Crawling URLs:/allultraman/
Tools used: pycharm, requests
Go to page
Open Developer Tools
Click Network
Refresh the page for information
The Request URL is the URL we are crawling.
Scroll down to the bottom and there is a User-Agent, copy it.
Send a request to the server
200 means the request was successful
Getting text data using
As you can see there is some garbled code
Converting with encode
import requests url = '/allultraman/' headers = { 'User-Agent':'Mozilla/5.0 (Windows NT 10.0; Win64; x64) AppleWebKit/537.36 (KHTML, like Gecko) Chrome/98.0.4758.82 Safari/537.36' } response = (url = url,headers=headers) html = Html=('iso-8859-1').decode('gbk') print(Html)

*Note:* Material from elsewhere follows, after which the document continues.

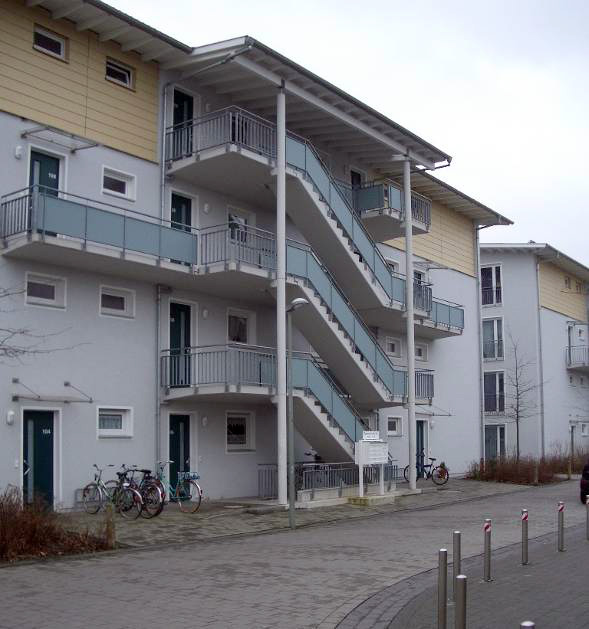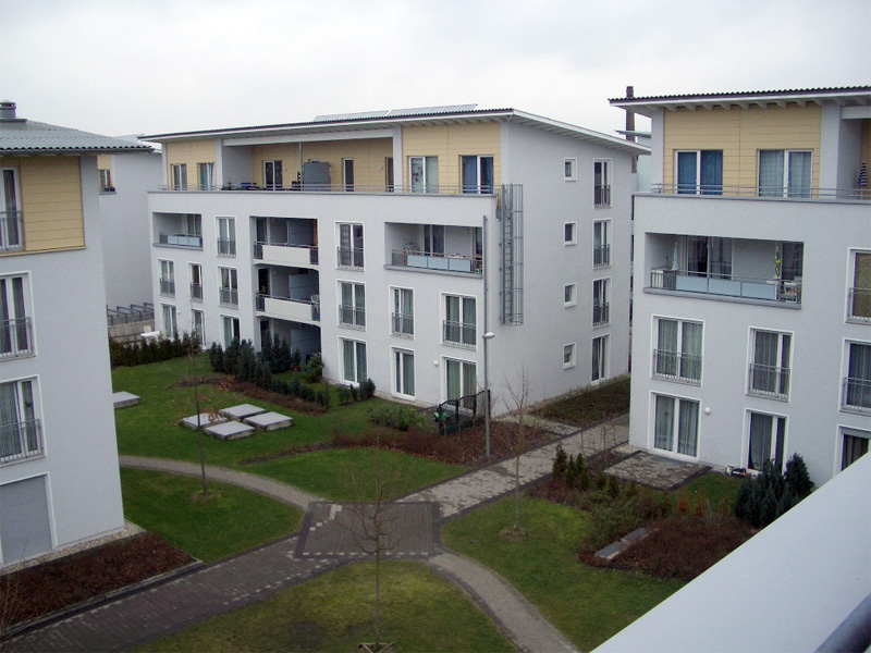 „Ein neues Verhältnis von Mensch, Natur und Technik“ – dieses Leitthema der EXPO 2000 steht nicht von ungefähr auch über der Neubebauung des ehemaligen Schlachthofgeländes im innerstädtischen Bereich von Paderborn. In einem Architekten-Workshop wurden entsprechende Ideen entwickelt und anschließend umgesetzt. Durch MIKSCH RÜCKER ARCHITEKTEN wurden 84 WE unterschiedlicher Größe (darunter auch „gestapelte“ Einfamilienhäuser) in 6 Baublöcken erstellt. Kosten- und flächensparendes Bauen sowie innovative Energiekonzepte (u.a. Erdwärme, Solarenergie u.a.) stellen neben optimierter Wärmedämmung, barrierefreien Erschließungen der Erdgeschosswohnungen sowie großzügigen Balkonen und Freibereichen die besondere Qualität der Siedlung dar. Fertigstellung in 2002.

Next, start crawling the data you need
Using Xpath to get web links
To use Xpath you must first import the parsel package.

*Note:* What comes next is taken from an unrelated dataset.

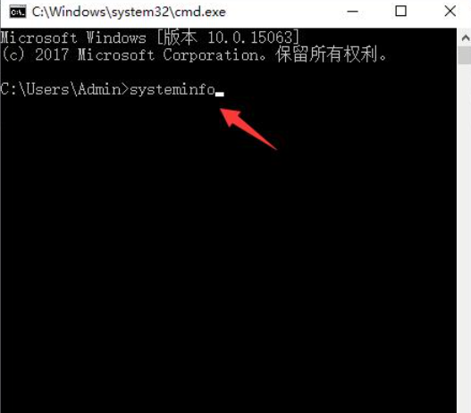 2、进入以下页面后输入systeminfo,回车。

import requests import parsel def get_response(html_url): headers = { 'User-Agent':'Mozilla/5.0 (Windows NT 10.0; Win64; x64) AppleWebKit/537.36 (KHTML, like Gecko) Chrome/98.0.4758.82 Safari/537.36' } response = (url = html_url,headers=headers) return response url = '/allultraman/' response = get_response(url) html=('iso-8859-1').decode('gbk') selector = (html) period_hrefs = ('//div[@class="btn"]/a/@href') #Get links to pages from all three eras for period_href in period_hrefs: print(period_href.get())
As you can see the web link is incomplete, let's add it up manually period_href = '/allultraman/' + period_href.get()
Go to one of these pages
As you did before, use Xpath to get information about Ultraman's web page
for period_href in period_hrefs: period_href = '/allultraman/' + period_href.get() # print(period_href) period_response = get_response(period_href).text period_html = (period_response) lis = period_html.xpath('//div[@class="ultraheros-Contents_Generations"]/div/ul/li/a/@href') for li in lis: print(())

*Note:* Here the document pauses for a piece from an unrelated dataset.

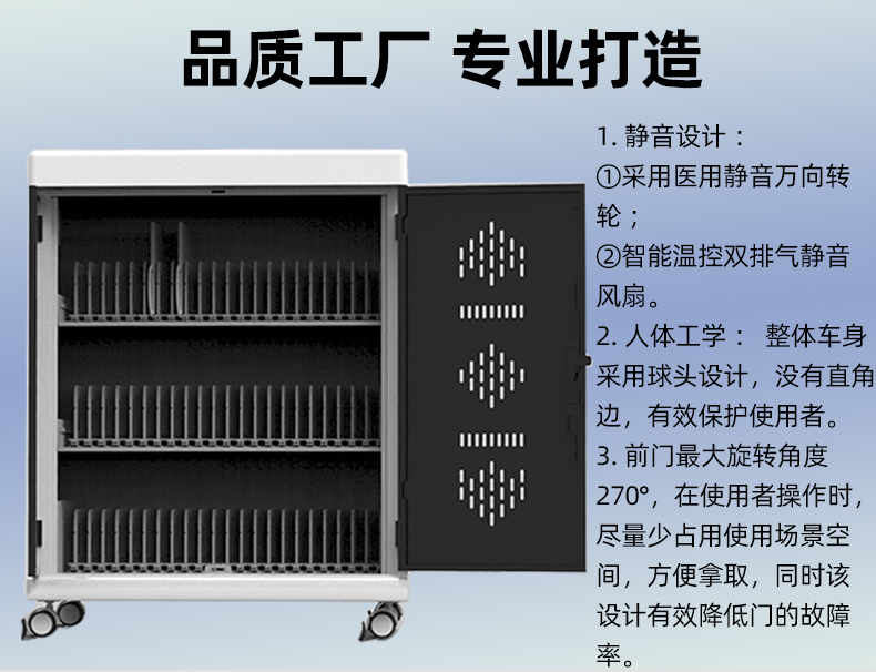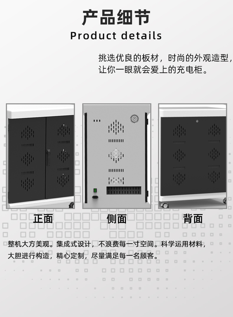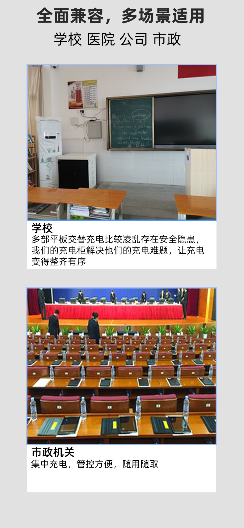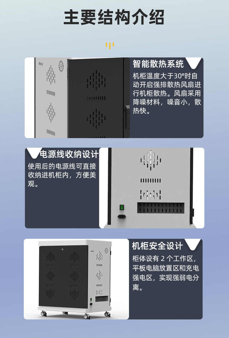 2.擺放整齊:配備多功能塑膠隔板,充電線可隱藏排布,充電線和平板電腦(筆電)互不交集,美觀方便,同時(shí)隔板上配有快捷卡位槽,隨用隨取?!铩?br />

Running it also reveals that the link is incomplete
li = '/allultraman/' + ().replace('./','')
After getting the URL to continue to nesting operation, you can get the picture data
png_url = '/allultraman/' + li_selector.xpath('//div[@class="left"]/figure/img/@src').get().replace('../','')
Full Code
import requests import parsel import os dirname = "Ultraman." if not (dirname): # Determine if a folder with the name Ultraman exists, create it if it doesn't (dirname) def get_response(html_url): headers = { 'User-Agent':'Mozilla/5.0 (Windows NT 10.0; Win64; x64) AppleWebKit/537.36 (KHTML, like Gecko) Chrome/98.0.4758.82 Safari/537.36' } response = (url = html_url,headers=headers) return response url = '/allultraman/' response = get_response(url) html=('iso-8859-1').decode('gbk') selector = (html) period_hrefs = ('//div[@class="btn"]/a/@href') #Get links to pages from all three eras for period_href in period_hrefs: period_href = '/allultraman/' + period_href.get() period_html = get_response(period_href).text period_selector = (period_html) lis = period_selector.xpath('//div[@class="ultraheros-Contents_Generations"]/div/ul/li/a/@href') for li in lis: li = '/allultraman/' + ().replace('./','') #Get the URL of every Ultraman # print(li) li_html = get_response(li).text li_selector = (li_html) url = li_selector.xpath('//div[@class="left"]/figure/img/@src').get() # print(url) if url: png_url = '/allultraman/' + ('.', '') png_title =li_selector.xpath('//ul[@class="lists"]/li[3]/text()').get() png_title = png_title.encode('iso-8859-1').decode('gbk') # print(li,png_title) png_content = get_response(png_url).content with open(f'{dirname}\\{png_title}.png','wb') as f: (png_content) print(png_title,'Image download complete') else: continue
When climbing to the Nexus Ultraman, it will return None, adjusted half a day, but did not understand, so if url: statement to skip the Nexus Ultraman, there is no big brother know why!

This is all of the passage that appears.